Not only had I been savagely torn from a night of drink and pleasure, but the culprit was none other than my Lord Arthur, a man who had saved my life and the man whom I hated with all my heart.
"I have need of you," Arthur said in his deep, rumbling voice. He tossed a woolen wrap at the girl and motioned sharply at the door. Silly wench was blubbering by then, scared witless of Arthur, and she scampered out of the hut and into the foul night.
"I have no need of you," I answered, groping for the goatskin. But he snatched it from my grasp and poured the wine onto the ground.
"You wound me, my lord."
"You wound me, Malgwyn. Quit sniveling and come with me." His voice changed, perhaps unnoticeable to others, but I had warred with him through too many battles and knew that it portended trouble. "There has been a death," he said, dropping his chin to his chest.

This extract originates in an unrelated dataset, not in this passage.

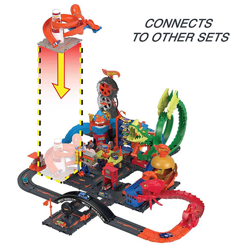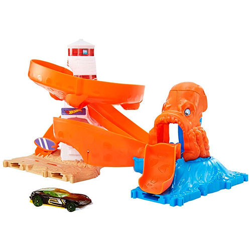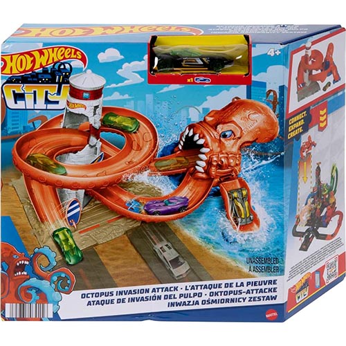 Oakie el pulpo ha enredado sus tentáculos en el faro de Hot Wheels™ City ¡y esto crea oportunidades geniales para jugar en pistas de varias direcciones y emocionantes combinaciones! Lanza los vehículos desde la cabeza de Oakie hacia una de las cuatro pistas que rodean y suben por el faro. Abre y cierra la puerta de tabla de surf para controlar si los autos pasan rápidamente a nuevas aventuras o si se quedan al alcance de los tentáculos. Viene con 1 vehículo Hot Wheels® para comenzar a desafiar a la bestia de inmediato. Con múltiples puntos de conexión, los niños pueden conectar este set de juego con otros sets Hot Wheels® y crear un paisaje urbano lleno de criaturas, con tantas increíbles posibilidades narrativas que querrán coleccionarlos todos (cada uno se vende por separado). A los niños de 4 a 8 años les encantará el set de juego Hot Wheels™ City Octopus Invasion Attack. Es un gran regalo que fomenta la exploración y creatividad independientes.

I am called Malgwyn ap Cuneglas. The only thing gentle about my birth was the kiss that my mother laid on my newborn brow. I was born to a farmer near the River Yeo, a man from the west country named Cuneglas. He died when I was but ten years old and my mother when I was seventeen, the year I took to wife Gwyneth, the daughter of my neighbor. She was 15 and the loveliest lass in our lands. For five years life was as good as I could ask. We farmed and lived and loved. For a while.
Arthur was not king then, but rather the "Dux Bellorum," the general of generals, for Ambrosius Aurelianus and a handful of lesser kings scattered throughout the land. The kings had made an uneasy alliance with the Saxons to fight the Picts, and then the treacherous dogs betrayed us. To Arthur the kings turned; I knew him then only as a whisper on the wind, a story made larger in the telling, of a great warrior who laid a hundred Saxons low with a single sweep of his sword. And, truly, I paid him no mind. Troop levies had not been made in our region. The Saxons were many leagues away from our lands, and the people found no fear of them; they had once been our allies.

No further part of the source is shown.